The average budget deficit of the United States will “never” be less than $1 trillion per year in the future — or 4.5% of GDP, worrying data on the fiat economy shows. 

Compiled by the U.S. Congressional Budget Office (CBO) and shared by crypto hedge fund manager Travis Kling on Jan. 21, statistics reveal that the annual deficit is set to hit $12.2 trillion for the entire 2020s.

Deficit as GDP share up 55% in 50 years

“Such deficits would be significantly larger than the 2.9 percent of GDP that deficits averaged over the past 50 years,” the CBO itself commented when it released the projections last September. 


U.S. average budget deficit 1969-2029. Source: CBO

$1 trillion is more than six times the market cap of Bitcoin (BTC) and four times the market cap of all cryptocurrencies combined. 
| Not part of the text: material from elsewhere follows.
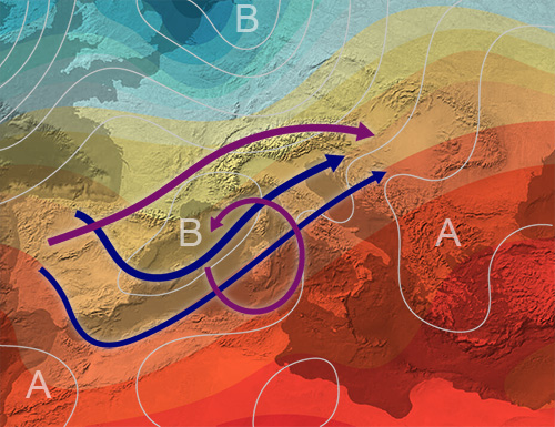 Certe evoluzioni meteo meritano di essere commentate anche per come presentano elementi dal valore didattico. In questo caso, anche a conferma di quanto già esaminato in precedenza, siamo di fronte ad una situazione tipicamente occidentale atlantica, certamente foriera di condizioni umide ed instabili ma anche un pò ostacolata da una certa presenza del sub-tropicale. Di fatto, senza riuscirci, almeno per ora, in pieno, le onde negative collegate alla fascia depressionaria oceanica muovono da ovest ad est trovando, al livello delle latitudini mediterranee, condizioni non troppo favorevoli ad un affondo franco e marcato dal punto di vista barico e della ciclogenesi. Ed è anche per questo che dette ondulazioni possono finire per impantanarsi ed isolarsi dalla corrente zonale principale. Con valori barici non così bassi l’affondo si verifica; ma si verifica ostacolato e costretto a scivolare verso sud e per ragioni di dinamica, a diventare una circolazione chiusa. I cut-off, sia ciclonici che anticiclonici, fanno parte della normale fisiologia degli scambi termici atmosferici e rappresentano uno degli scambi più significativi e marcati. I cut-off ciclonici, poi, rappresentano, non infrequentemente, una insidia meteo non indifferente giacché capaci di produrre maltempo persistente sulle stesse aree. In certi casi, tuttavia, detto isolamento evolve nell’ambito di situazioni tali da indebolirne l’azione ed anche da favorirne un certo spostamento. Il tempo variabile o anche perturbato delle prossime 24/48 ore è da ascrivere proprio ad una evoluzione del genere. La debole saccatura andrà sempre più assumendo la connotazione di semplice e modesta diramazione, affondando in mediterraneo centro-occidentale e, quindi, isolandosi dalla corrente principale, assumendo le caratteristiche di cut-off o goccia fredda in lento spostamento verso sud o sud-est. E tutto questo anche in un contesto sfavorevole capace di indebolirne gradualmente gli effetti. La metafora del torrente che incontra condizioni favorevoli al dilatarsi in un’ansa che poi, successivamente, si isola formando una pozzanghera staccata dal corso dello stesso torrente rende abbastanza, seppur grossolanamente, l’idea del fenomeno. E d’altra parte sempre di fluidi che obbediscono alle stesse regole di dinamica, pur con lo dovute ed anche notevoli differenze, si tratta. Il disegno mostra la situazione generale di questa mattina e mostra, con le frecce, la transizione sopra esaminata, ed ovvero quella della modesta saccatura (frecce blu) che evolve in cut-off (frecce viola)…

The data concerned Kling, who like other Bitcoin proponents has drawn clear distinctions between the cryptocurrency and fiat currency. 
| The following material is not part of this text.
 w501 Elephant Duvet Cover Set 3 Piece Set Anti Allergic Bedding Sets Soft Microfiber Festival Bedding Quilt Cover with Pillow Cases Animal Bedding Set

As Cointelegraph reported, the deficit is not the only worrying aspect of U.S. economic policy to surface in numbers in recent months. Late last year, it emerged that the country’s total debt is now higher than ever at $23 trillion, while the world’s total debt is $255 trillion — or $12.1 million for each Bitcoin.

In simple terms, budget deficits occur when the value of a

country’s spending exceeds the value of its revenues. As Kling notes, governments can use fiat to plug the difference, allowing them to increase the money supply which they can then direct as desired.

Over the New Year period, the Federal Reserve added $425 billion to the dollar supply.

Printing fiat to plug deficits “never ended well”

The process has its roots in Keynesian economics, which calls for states and central banks to “manage” the money supply instead of allowing the market to decide prices for goods and services. 

Such a setup creates a problem known as the “Impossible Trinity” — attempting to achieve free capital flows, a fixed exchange rate between currencies and independent monetary policy. 

“Imagine the allure as a politician of promising your constituents all the spending they want, w/o ever having to raise taxes. Spend more AND cut taxes! There’s no inflation!” Kling wrote on Twitter.

He concluded: 

“This has been tried many times before in monetary history and there is no example where it ended well.”

As Saifedean Ammous explains in his book, “The Bitcoin Standard,” preventing “meddling” by governments and central banks would reverse the processes which lead to phenomena such as deficits. This is because fiat would cease to be money “by decree” as its name implies, and would instead operate without a central authority, similar to Bitcoin.